Friday, August 21, 2015

Theater of the Field

It feels like summer is slipping away.

I figure tonight's outdoor movie may the last of the season. After last night's 3 a.m. bedtime, I thought I'd take a quick nap before the film, only to wake up at 7:15 to fading daylight. Given the cooler temperature, I made sure to bring a sweater to the movie. Say it isn't so, summer.

I stopped by Tarrant's to-go on my way to Tredegar, in need of some fried chicken for a movie snack and wound up running into the new bride of a favorite bartender. We lamented August's rush to September and how we still want more time at the beach and river.

From last month's Starry Night Cinema Lawn Chair Series I'd learned that I didn't need to tote along my lawn chair and instead took one of the folding chairs set up in the grassy field above the iron works to enjoy my chicken dinner and the lights of downtown.

Last time, it was after 9 before it was dark enough to begin the film but not so tonight (sniff), I'm afraid. I'd barely wiped the grease off my fingers when the documentary "Evolution of a Criminal" was introduced.

I've been an avowed documentary dork for longer than I can remember, but I've never seen a documentary where the filmmaker (Darius Clark Monroe) is also the subject of the film.
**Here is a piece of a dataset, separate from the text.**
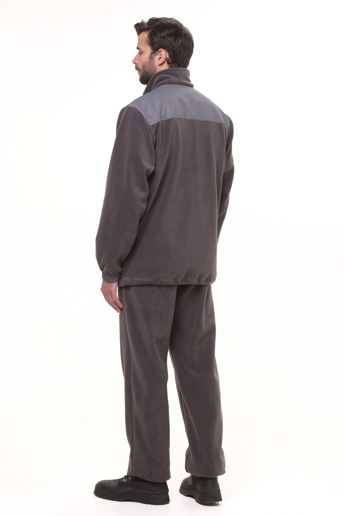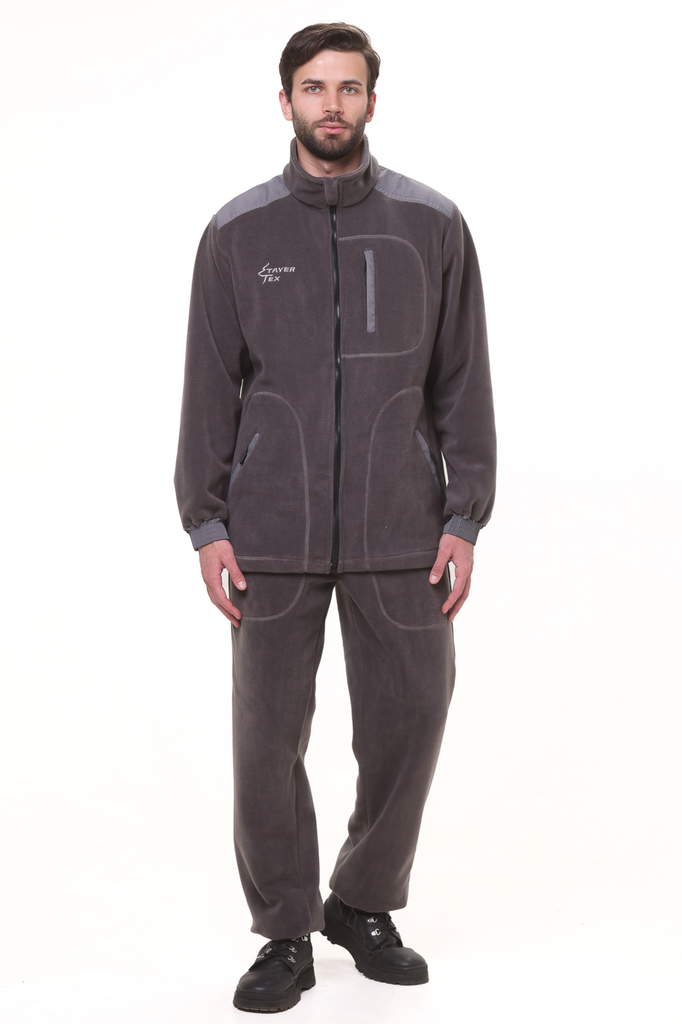 алова/флис+стежка. Костюм предназначен для охоты, рыбалки, прогулок на природе в осенне - весенний период года. ГОСТ 25295-2003 Куртка укороченная на флисовой подкладке, с воротником - стойкой, с цент... Показать описаниеральной бортовой застёжкой на молнию (тр. 8/1), с ветрозащитным клапаном, застёгивающимся на тесьму "контакт". Полочки с отрезными кокетками и отлетными клапанами. На полочках обработаны два нижних двойных накладных кармана с клапанами и два верхних накладных объёмных кармана, застёгивающихся на молнию. Спинка цельнокроёная. Рукава втачные из двух частей, с манжетами, притаченными по низу, собранные на резинку. Куртка на притачном поясе, собранном на эластичную ленту - резинку. Капюшон на термостежке, пристёгивается к куртке при помощи застёжки-молнии. По лицевому вырезу капюшон стягивается шнуром, закреплённым фиксаторами. Концы капюшона убираются в кармашки, расположенные на воротнике. На подкладке полочек обработаны накладные карманы из основной ткани, застёгивающиеся на текстильную застежку "контакт". Брюки на термостежке, с гульфом на молнии, притачном поясе со шлёвками, собранном на резинку. На передних половинках обработаны два боковых кармана, в области боковых швов настрочены два накладных кармана - книжки с клапанами.
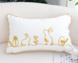 Add a touch of spring elegance to your home with this bundle of 2 charming pillow covers (pillow inserts not included). Featuring minimalist golden embroidery of bunnies, flowers, gifts, and Easter eggs on crisp white fabric, these pillowcases are perfect for Easter decorating, kids' rooms, or adding a seasonal accent to your sofa or bed. Finished with a classic gold rope trim, they bring a refined yet playful touch to your spring decor.

It can be a tad disconcerting to watch as subjects in the film answer Monroe's questions about his youthful bad behavior directly to him.

And what bad behavior! By age 16, his parents are in such dire financial straits that the teenager decides to get a couple friends to help him rob a bank to help his family's situation. Only a teenager could decide on such a foolish plan and not see the million red flags waving.

So of course they're eventually caught and Monroe is sentenced to five years in jail at age 17. It's tragic, but it's only right. The kid did rob a band, terrorizing customers with a gun and leaving with $140,000.

Interviewing his parents, grandmother, cousins, schoolmates and teachers, he asks the hard questions about who he was and if they ever expected such behavior out of him (no one had). One aunt admits that six people in their extended family have been to jail, so maybe it's in the kid's blood.

Still, it's unnerving to have a subject talk to the camera using the pronoun "you" as they share their memories with Monroe. When he talks about his time in prison, he says it's the mundane stuff he misses: washing dishes, taking out trash, smiling at his parents. It's intensely moving stuff.

But the best part of the story is that he gets his GED while in prison and when he gets out, he applies to NYU, having decided he wants to be a filmmaker and tell his story. For the record, he does not mention his prior convict status when he applies to the school.

Later he interviews some of his film professors, asking if they'd have treated him differently if they'd known. Sadly, they say the answer is probably, yes. The white, Texan district attorney who prosecuted him says she's happy he's turned his life around for now, but she won't believe it's true until he's 50 and still out of trouble. Ouch. Talk about racial profiling.

Call me gullible, but I saw a straight A kid who took honors classes and was psychologically affected by his family's poverty, making a stupid uninformed decision to "fix" the situation at a point in his young life when he wasn't capable of making truly thoughtful choices. After tonight, I also saw a gifted filmmaker, one I'm curious to see develop other stories beyond his own cautionary tale.

Afrikana Film Festival had chosen another outstanding offering by a black filmmaker, one I wouldn't have seen if they hadn't brought it to town.

Part of the charm of an outdoor movie is not being hemmed in by four walls while watching. Midway through tonight's film, fireworks began exploding over near Oregon Hill. A long freight train chugged along the river, its screeching competing with the movie's soundtrack. Someone sent four lit sky lanterns burning orange and sparkly soaring into the black sky.

Walking back to my car, I saw people walking along the riverfront under a clear sky and a yellow wedge of a moon. Realizing that nights this lovely are to be enjoyed while we still can, I joined them.

Gather ye summer nights while ye may. Color me wistful to see another warm season on its way out.